* WHAT YOU SHOULD DO
Each record that comes next should be output exactly; pictures do not belong in the copy.

* THE INPUT
== == ==

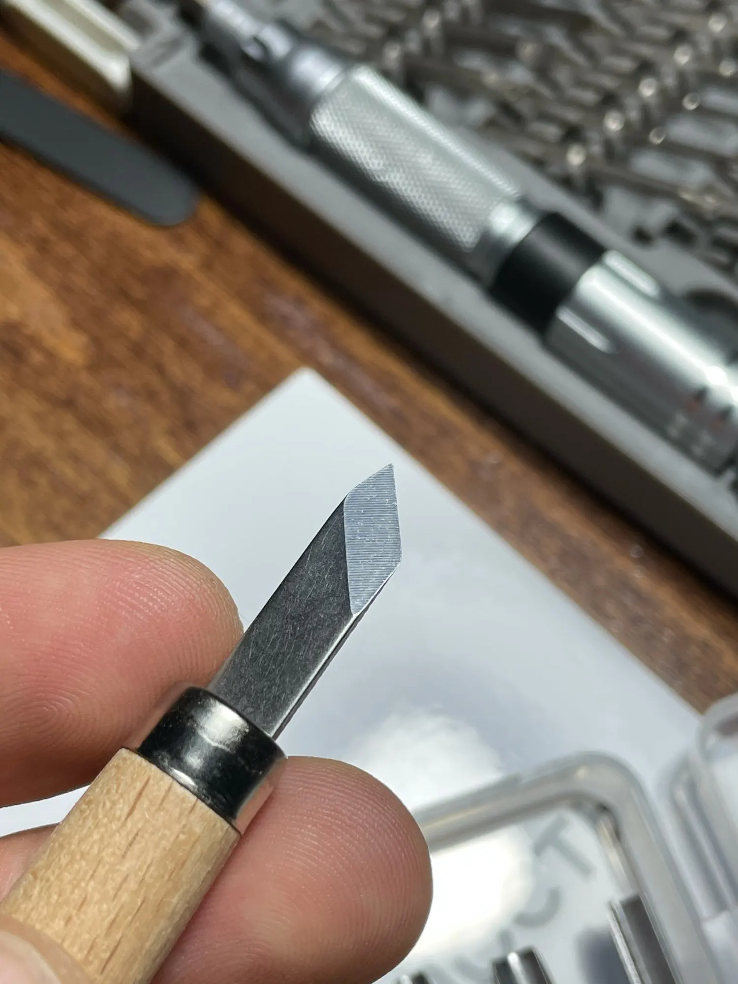 Ну, что сказать? Товар доставлен за 20 дней. Красивая коробочка. Логотип. Красивые ручки из хорошей древесины. Но не очень удобные. Резцы в ручке держатся плотно. Покрыты хромом. Продавец сработал отлично. Все по-честному: видео, описание, фото. Ах, да! Продавец утверждал, что материал резцов сплав SK2 – аналог нашей инструментальной стали У12. Из неё надфили делают. Проверил. Действительно, надфиль не царапает. Но неважно заточены. Надо самому поработать. Цена вполне соответствует качеству. Поэтому продукт этот рассматриваю как игрушечное учебное пособие для ребёнка. Как и написано в описании – для хобби. Впрочем, для этого я его и покупал. Так что всем спасибо.
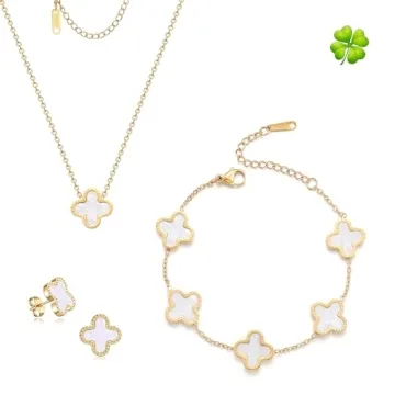 Crafted from high-quality 18K gold-plated material, the Clover Jewelry Set showcases exquisite craftsmanship that ensures durability and an eye-catching finish. Each piece in the collection maintains a stunning appearance without fading or tarnishing, even when exposed to water or perfume, as confirmed by loyal customers. With the bracelet’s adjustable length of 6.41 inches plus a 1.96-inch extension chain, this set is designed to fit comfortably on any wrist and complements any outfit—be it casual or formal.
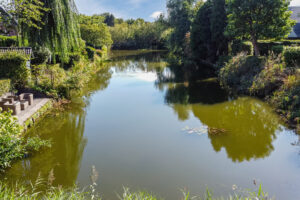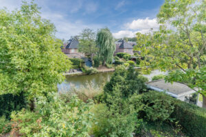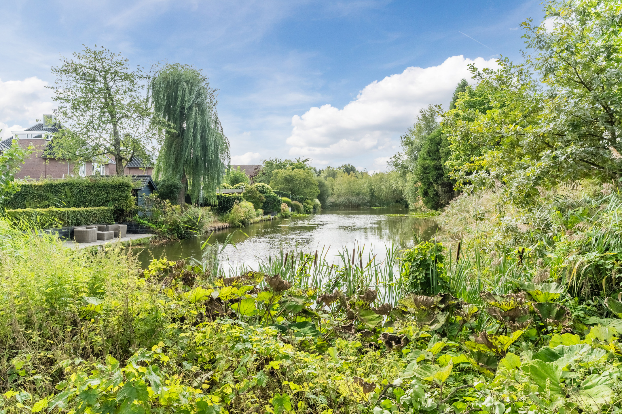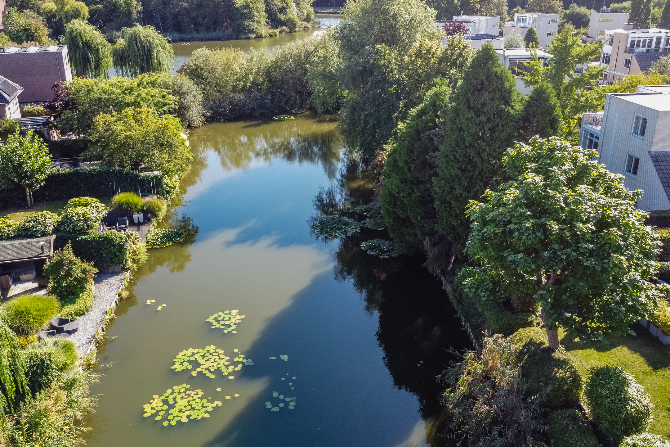 Prachtige aan het water gelegen vrije tuin met enorm veel privacy. In de tuin is op de zuidzijde het verwarmde zwembad gepositioneerd.
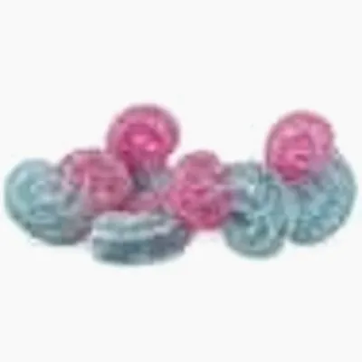 Five indica blue raspberry and watermelon gummies with sour crystals and natural flavours. Five big “S” gummies per pack, with 2mg of THC each.
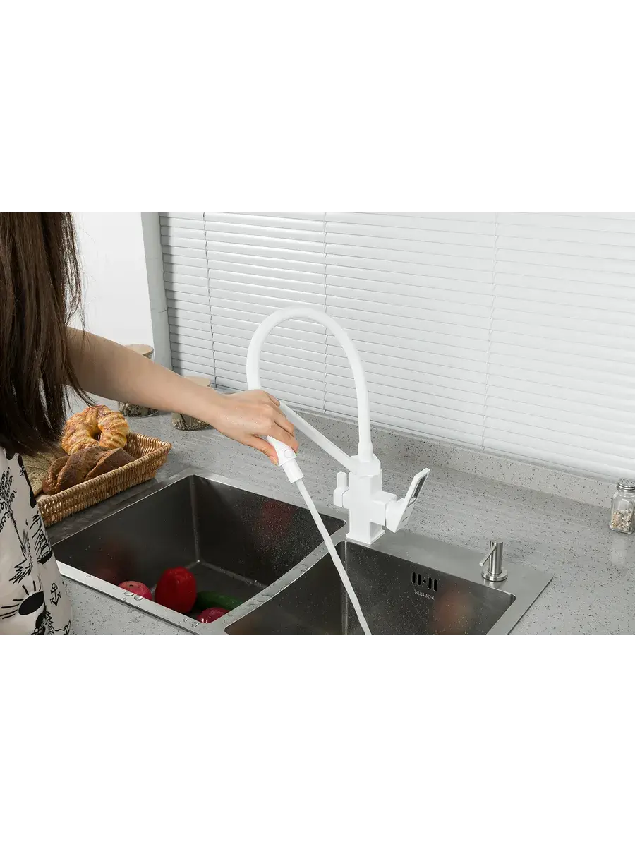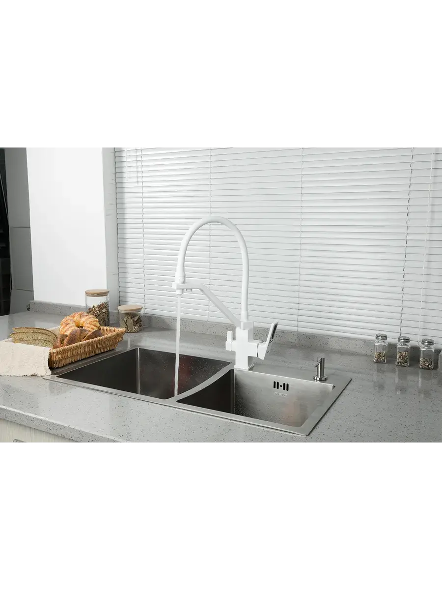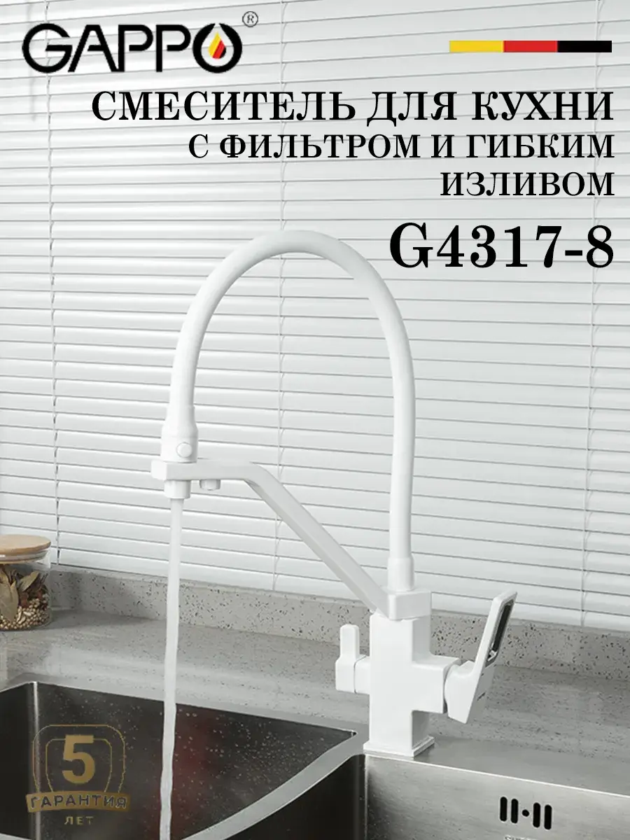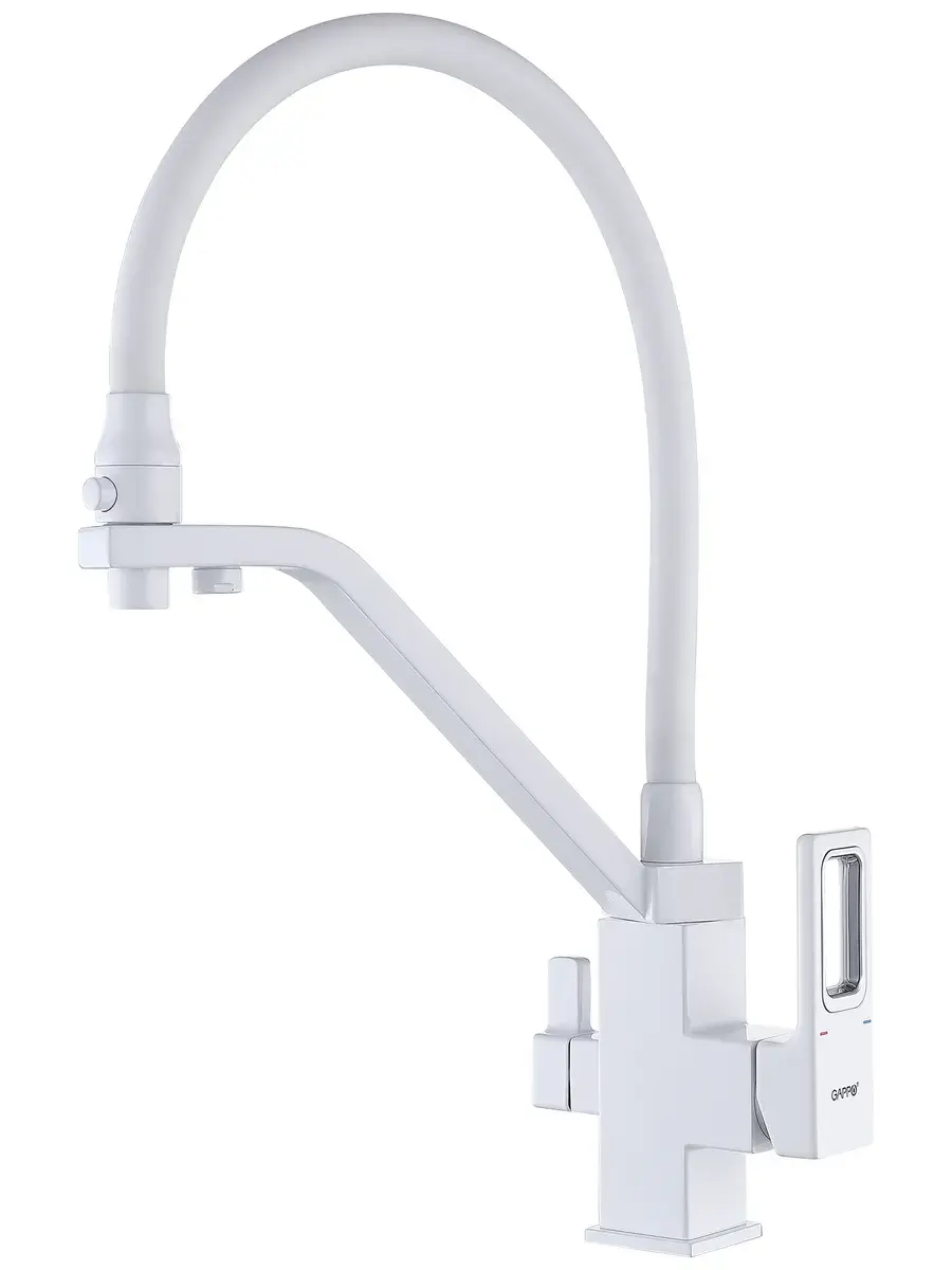 Предлагаем однорычажный смеситель с подключением фильтра для воды для кухонной мойки с гибким силиконовым изливом в белом цвете G4317-8 GAPPO (ГАППО) с гайкой. Излив гибкий. Картридж испанский Sedal Ф35 мм. Металлическая рукоятка. Аэратор. Гибкая подводка на 1/2 дюйма (длина 500 мм). Смесители GAPPO это технологии, дизайн и качество по доступным ценам. Продукция производится на современных станках с числовым программным управлением. Высокоточные линии литья и обработки, а также использование современных материалов позволяют гарантировать высокий уровень качества продукции. GAPPO - это надёжный работник, который добросовестно будет исполнять свои обязанности. Продукция отличается хорошим соотношением цены и качества.
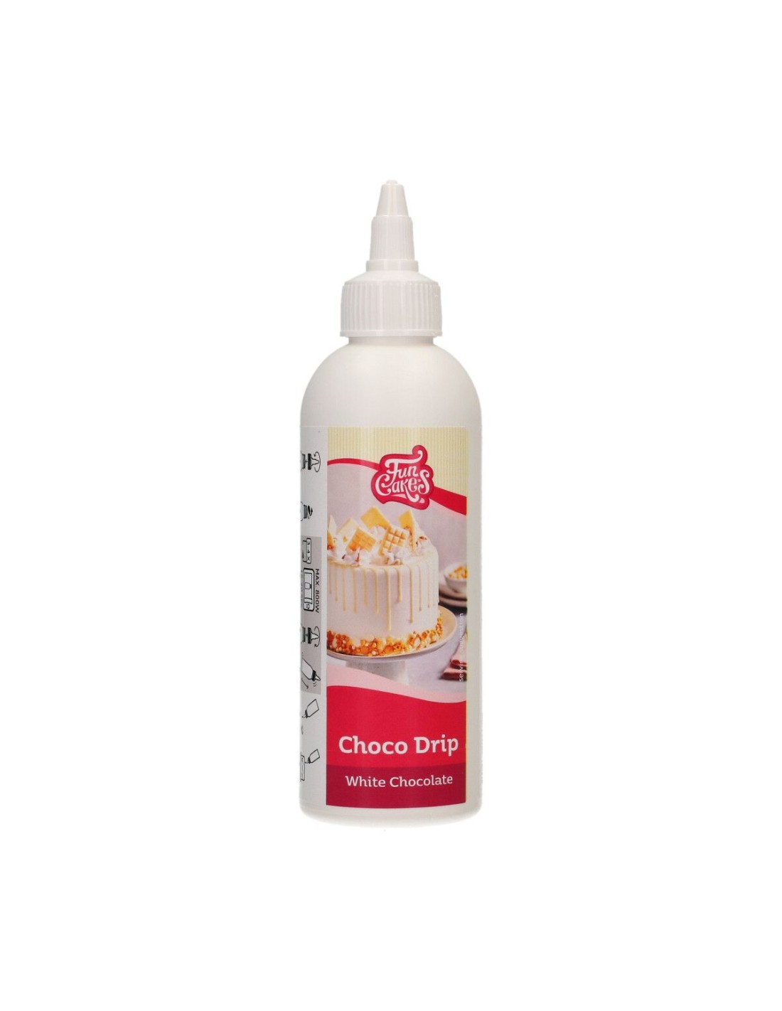 Met de FunCakes Cake Drips maak je eenvoudig dripcakes. De FunCakes Cake Drip zit in een druppelflesje dat je in de magnetron kunt zetten om de drip te smelten. Met dit handige knijpflesje knijp je simpelweg en drizzle je het direct op je cake! De FunCakes Cake Drip Creamy White 180 g heeft een heerlijke zoete vanillesmaak en is verkrijgbaar in meerdere kleuren. Je kunt dit product ook gebruiken om traktaties of taarten te decoreren!

== == ==

* ANSWER SPACE
 Ну, что сказать? Товар доставлен за 20 дней. Красивая коробочка. Логотип. Красивые ручки из хорошей древесины. Но не очень удобные. Резцы в ручке держатся плотно. Покрыты хромом. Продавец сработал отлично. Все по-честному: видео, описание, фото. Ах, да! Продавец утверждал, что материал резцов сплав SK2 – аналог нашей инструментальной стали У12. Из неё надфили делают. Проверил. Действительно, надфиль не царапает. Но неважно заточены. Надо самому поработать. Цена вполне соответствует качеству. Поэтому продукт этот рассматриваю как игрушечное учебное пособие для ребёнка. Как и написано в описании – для хобби. Впрочем, для этого я его и покупал. Так что всем спасибо.
 Crafted from high-quality 18K gold-plated material, the Clover Jewelry Set showcases exquisite craftsmanship that ensures durability and an eye-catching finish. Each piece in the collection maintains a stunning appearance without fading or tarnishing, even when exposed to water or perfume, as confirmed by loyal customers. With the bracelet’s adjustable length of 6.41 inches plus a 1.96-inch extension chain, this set is designed to fit comfortably on any wrist and complements any outfit—be it casual or formal.
 Prachtige aan het water gelegen vrije tuin met enorm veel privacy. In de tuin is op de zuidzijde het verwarmde zwembad gepositioneerd.
 Five indica blue raspberry and watermelon gummies with sour crystals and natural flavours. Five big “S” gummies per pack, with 2mg of THC each.
 Предлагаем однорычажный смеситель с подключением фильтра для воды для кухонной мойки с гибким силиконовым изливом в белом цвете G4317-8 GAPPO (ГАППО) с гайкой. Излив гибкий. Картридж испанский Sedal Ф35 мм. Металлическая рукоятка. Аэратор. Гибкая подводка на 1/2 дюйма (длина 500 мм). Смесители GAPPO это технологии, дизайн и качество по доступным ценам. Продукция производится на современных станках с числовым программным управлением. Высокоточные линии литья и обработки, а также использование современных материалов позволяют гарантировать высокий уровень качества продукции. GAPPO - это надёжный работник, который добросовестно будет исполнять свои обязанности. Продукция отличается хорошим соотношением цены и качества.
 Met de FunCakes Cake Drips maak je eenvoudig dripcakes. De FunCakes Cake Drip zit in een druppelflesje dat je in de magnetron kunt zetten om de drip te smelten. Met dit handige knijpflesje knijp je simpelweg en drizzle je het direct op je cake! De FunCakes Cake Drip Creamy White 180 g heeft een heerlijke zoete vanillesmaak en is verkrijgbaar in meerdere kleuren. Je kunt dit product ook gebruiken om traktaties of taarten te decoreren!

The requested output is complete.